The court may not rewrite the contract for the purpose of accomplishing that which, in its opinion, may appear proper, or, on general principles of abstract justice . . . make for [the parties] a better contract than they chose, or saw fit, to make for themselves, or remake a contract, under the guise of construction, because it later appears that a different agreement should have been consummated in the first instance. . . .

Therefore, if the contract does not contain an express force majeure clause, Pennsylvania courts are unlikely to “rewrite” the contract and recognize an implied force majeure.

If the contract does not include an express force majeure clause, Pennsylvania case law allows for the common law defense of impossibility of performance. In such cases, businesses will again find an up-hill battle when it comes to burden of proof.

The decision to invoke either force majeure or impossibility of performance should not be taken lightly, and businesses should understand what’s at risk before doing so.

Potential for Invoking the “Impossibility of Performance”

If the contract does not contain an express force majeure clause, Pennsylvania case law allows for the defense of impossibility of performance the unforeseeable event was not addressed expressly in the contract. However, similar to invocation of force majeure, Pennsylvania courts are reluctant to allow impossibility of performance, and require a high burden from those invoking the defense.

In Moore et al v. Whitty, the Pennsylvania Supreme Court stated “mere inconvenience” does not allow for a party to be excused from contractual obligations. The Court elaborated:

[W]here performance becomes difficult or impossible by reason of something occurring subsequent to the contract, the promisor is not thereby discharged if it appears that the thing to be done is lawful and possible in itself, inasmuch as it is his duty, if he wishes to be excused from performance in event of such contingency arising, to provide for that situation in his contract.
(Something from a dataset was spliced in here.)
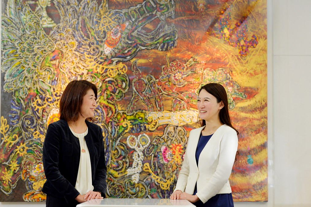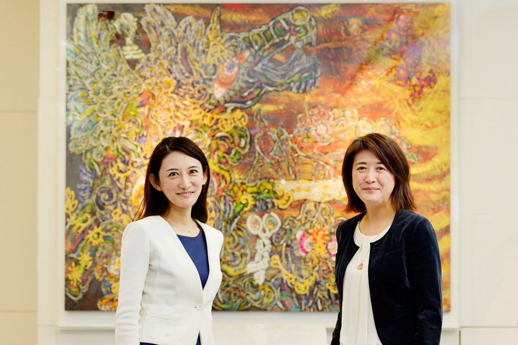 SMBC信託銀行 プロダクト企画部アート企画推進担当・岩崎かおりさん(右)と、SMBC信託銀行 日本橋支店副支店長の良知和恵さん(左)。おふたりの背後にある作品は舘鼻則孝『Embossed Painting』シリーズ (2020年3月取材時)
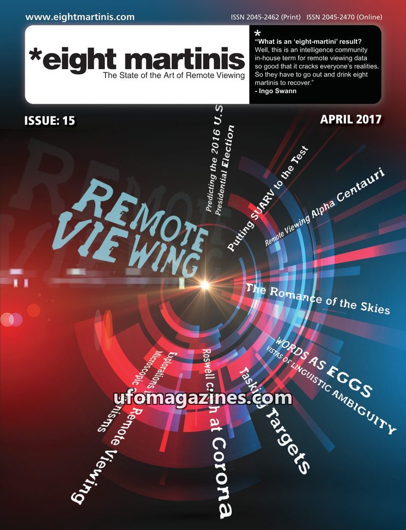 This issue of *eight martinis (April 2017) focuses on remote viewing, particularly its application in predicting the 2016 U.S. Presidential Election using an Associative Remote Vie

Contingencies not provided against will not ordinarily excuse performance.

Clearly, Pennsylvania courts place a high burden on the party invoking the defense focusing on the question of foreseeability.

Likewise, the courts require the non-performing party to exhaust all reasonable efforts before failing to perform. Just how exhaustive must those efforts be? According to the Court in Moore, “A contract to perform an impossible thing may be void; but it never is impossible to procure and deliver an article of commerce which may be had in the market in some quarter of the world.”

Therefore, a business should be prepared to prove that the event was not reasonably foreseeable, and that it has made all reasonable efforts to deliver on the contract—including obtaining replacement goods available anywhere in the world, before invoking the impossibility of performance defense.